Tenha em mente a ordem de prioridade que deve ser seguida:
Código Social Brasílico (Arts. 1.331 a 1.358) e Legislação Federalista.
Convenção do Condomínio (o “regulamento supremo” do prédio, registrado em cartório).
Regimento Interno (as regras de convívio do dia a dia).
Decisões de Parlamento.
2. Não tome decisões financeiras ou de obras sozinho
O bolso é o ponto mais sensível de um condomínio, e qualquer meandro na emprego das verbas pode gerar processos graves por apropriação indébita ou má gestão. Respeite sempre os limites orçamentários e os quóruns exigidos pelo Art. 1.341 do Código Social:
Obras necessárias (reparos urgentes, estrutura, segurança): Podem ser executadas pelo síndico sem reunião prévia caso sejam urgentes. Se não forem urgentes, exigem a aprovação da maioria dos condôminos presentes.
Obras úteis (que aumentam a utilidade da coisa generalidade, sem serem indispensáveis): exigem aprovação de maioria dos condôminos.
Obras voluptuárias (de mero embelezamento): exigem aprovação de 2/3 dos condôminos.
Use três orçamentos: para qualquer contratação significativa, apresente sempre no mínimo três orçamentos de empresas idôneas ao recomendação ou à reunião.
Preste contas mensalmente: mantenha as pastas contábeis digitalizadas e acessíveis. A transparência em tempo real elimina suspeitas antes que virem denúncias.
3. Garanta o recta de resguardo antes de impor multas
É fundamental compreender a diferença entre as sanções previstas no Código Social, pois os ritos de emprego são distintos:
Multa por delongado de prestação condominial (art. 1.336): Limite de até 2% sobre o débito, acrescido de juros e correção monetária. Não exige resguardo prévia, exclusivamente a comprovação da inadimplência.

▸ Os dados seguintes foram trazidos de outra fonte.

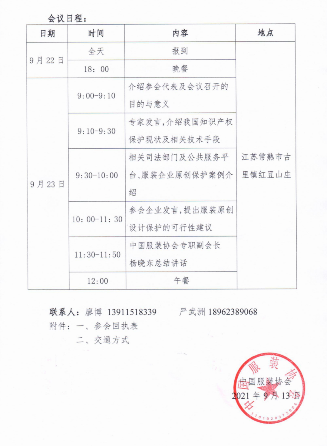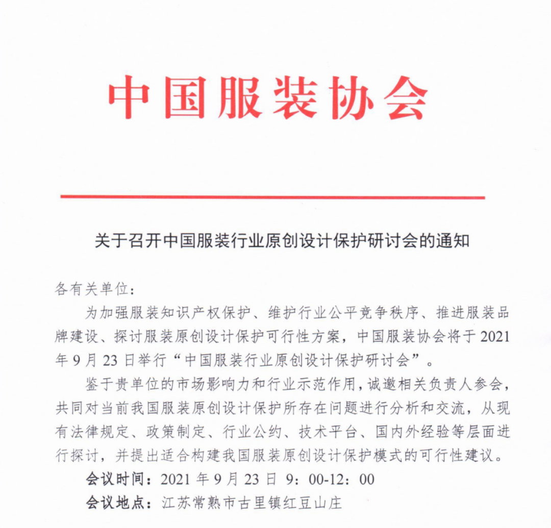 为加强服装知识产权保护、维护行业公平竞争秩序、推进服装品牌建设、探讨服装原创设计保护可行性方案,中国服装协会将于2021年9月23日举行“中国服装行业原创设计保护研讨会”。

Multa por descumprimento repetido de deveres (art. 1.337, caput ): Pode chegar a até 5 vezes o valor da prestação, mediante aprovação de 3/4 dos demais condôminos.
Multa por comportamento antissocial (art. 1.337, parágrafo único): Pode perceber até 10 vezes o valor da prestação. É justamente cá que mora o maior risco jurídico: o STJ já anulou multas dessa natureza aplicadas sem notificação prévia ao condômino, por violação ao recta de resguardo e ao contraditório. Na prática, antes de multar por comportamento antissocial, o recomendável é:
Enviar uma recado formal por escrito, documentando os fatos.

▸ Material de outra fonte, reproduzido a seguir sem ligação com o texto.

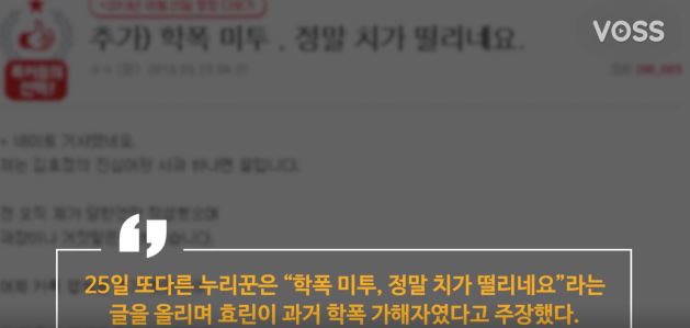" 학폭 미투, 정말 치가 떨리네요 " 라는 글을 올리며

Se a infração persistir, impor a multa, mas confirmar ao morador um prazo para apresentar resguardo — o prazo exato deve estar previsto na convenção ou no regimento interno do condomínio (é generalidade encontrar prazos entre 10 e 30 dias, mas isso varia de prédio para prédio, não é uma regra fixada pelo Código Social).
4. Mantenha impessoalidade absoluta e evite exposições
O síndico representa uma instituição, nunca as suas vontades ou simpatias pessoais. Conflitos interpessoais podem escalar rapidamente para processos por injúria ou mordacidade.

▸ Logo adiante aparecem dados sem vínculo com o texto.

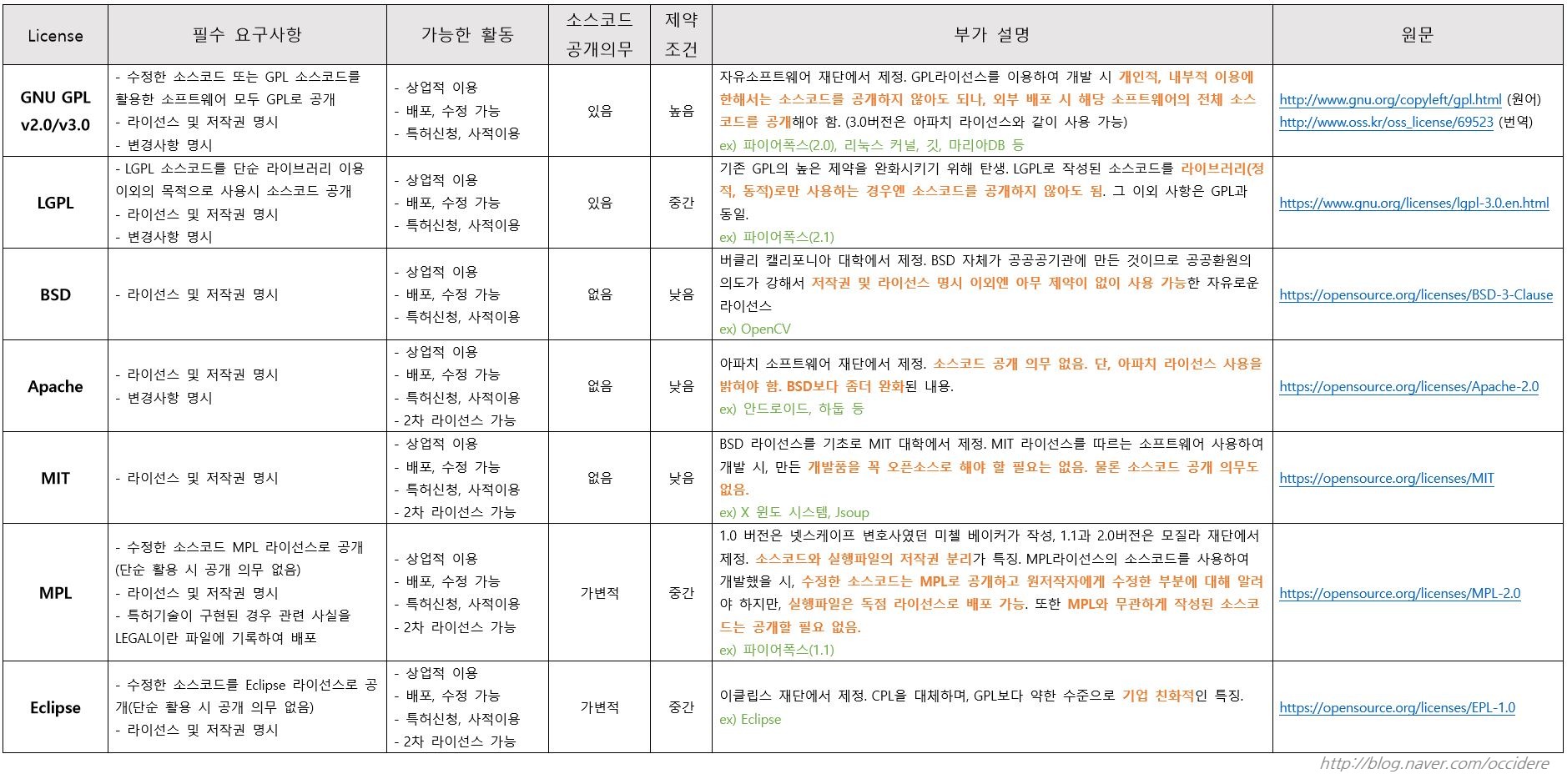 아래는 GPL, LGPL, BSD, Apache, MIT, MPL, Eclipse 라이센스의 내용들을 간단히 요약한 것으로 좀더 자세한 내용을 원한다면 링크를 참조하자.

Tratamento igualitário: aplique as regras com o mesmo rigor para o seu melhor camarada no prédio e para o morador com quem você não simpatiza.
Cobrança silenciosa: nunca exponha o nome ou o número do apartamento de moradores inadimplentes em áreas comuns, elevadores ou grupos de WhatsApp. A cobrança deve ser individual e discreta, via boleto, e-mail ou missiva protocolada.
5. Registre tudo por escrito
No meio jurídico vigora a máxima: o que não está documentado não existe. O registro formal é a melhor proteção do gestor. Notificações, queixas de fragor ou solicitações devem tramitar exclusivamente por canais oficiais (aplicativo do condomínio, livro de ocorrências ou e-mail institucional). Evite fazer combinados em conversas informais de galeria. Em caso de incidentes (uma vez que um portão que atinge o veículo de um morador), tire fotos imediatamente, colha depoimentos dos funcionários e registre a dinâmica dos fatos na hora.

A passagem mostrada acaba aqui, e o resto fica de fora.